DNA consists of two long negatively charged chains that hold together even though they repel each other. This is made possible by what is known as stacking interactions and base pairing. Michal Hocek and his colleagues advanced the known limits when they modified DNA by adding an extra negative charge to each letter of the genetic code. This doubled the repulsive forces, yet the DNA double helix remained stable. They also found that such modified DNA not only holds together but that it can also be synthesized or replicated and sequenced using the enzyme DNA polymerase.
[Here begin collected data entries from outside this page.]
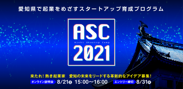 愛知県は、Aichi-Startup戦略の一環として、革新的なアイデアで起業を目指す人材を発掘・養成するワークショップ「Aichi Startup Camp 2021(あいちスタートアップキャンプ2021)」を実施します。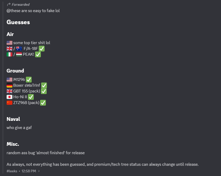 This is honestly the biggest deterrent for making suggestions. You can spend months (or years) making a suggestion. Then your suggestion can take months (or years) to get accepted. Then it can take months (or more likely, years) for your addition to actually get added to the game. Then it can take months (or years) for you to report every bug/missing feature that will inevitably end up affecting the vehicle (because Gaijin quality control is…interesting), despite providing specifications for the vehicle, and sources to confirm these specifications, which should have already been approved of during the process of accepting the suggestion.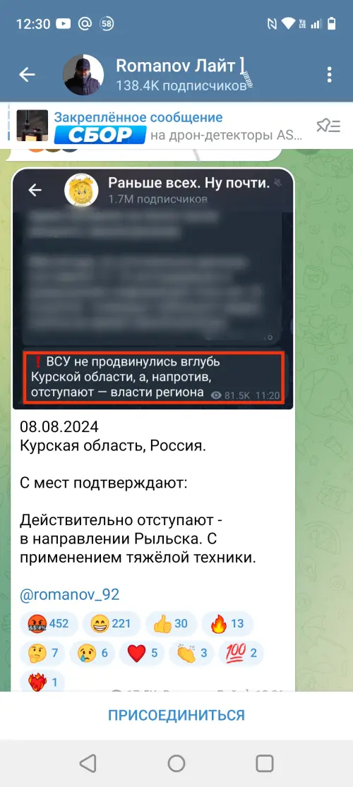 Подтверждают остановку украинского наступления и власти Курской области. Как заявил врио замглавы региона Андрей Белостоцкий, продвижение ВСУ остановлено, за сутки противник не сумел пройти вперед, а кое-где уже откатился назад. Наиболее активные бои идут в Суджанском районе.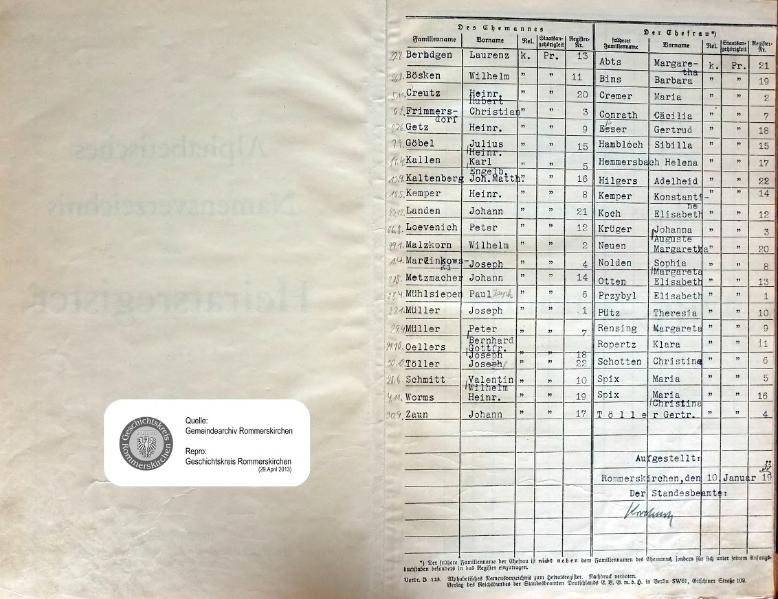 "Standesamtregister aus dem Gemeindearchiv Rommerskirchen"

"Think of DNA as a scaffold on which you can attach various chemical compounds with different functions. These are small molecules, such as side chains of amino acids, which occur naturally only in peptides and proteins. In current medicine, we are able to use these molecules only to a relatively limited extent. The reason is that they are markedly unstable and get decomposed rapidly when inside an organism. One solution to this would be a stable skeleton to which they could be firmly attached. And DNA could be just such a base structure in the future," says Prof. Michal Hocek.
The aim of this research carried out at IOCB Prague is to create DNA molecules that will mimic other chemical compounds. This would enable us to leverage the medicinal potential of certain biomolecules that are difficult to retain in the body. Examples of such biomolecules are the already mentioned peptides or proteins.
The Hocek group has already made significant progress, although research in this direction is at its beginning worldwide. The team has, for example, succeeded at developing a novel modified aptamer, which is a short DNA sequence that can bind to a specific target molecule, most frequently a protein. Aptamers have similar properties to antibodies, but they are much more stable. For this reason, aptamers can potentially replace antibodies employed in medicine. However, the number of approved therapeutic aptamers globally can still be counted on the fingers of one hand.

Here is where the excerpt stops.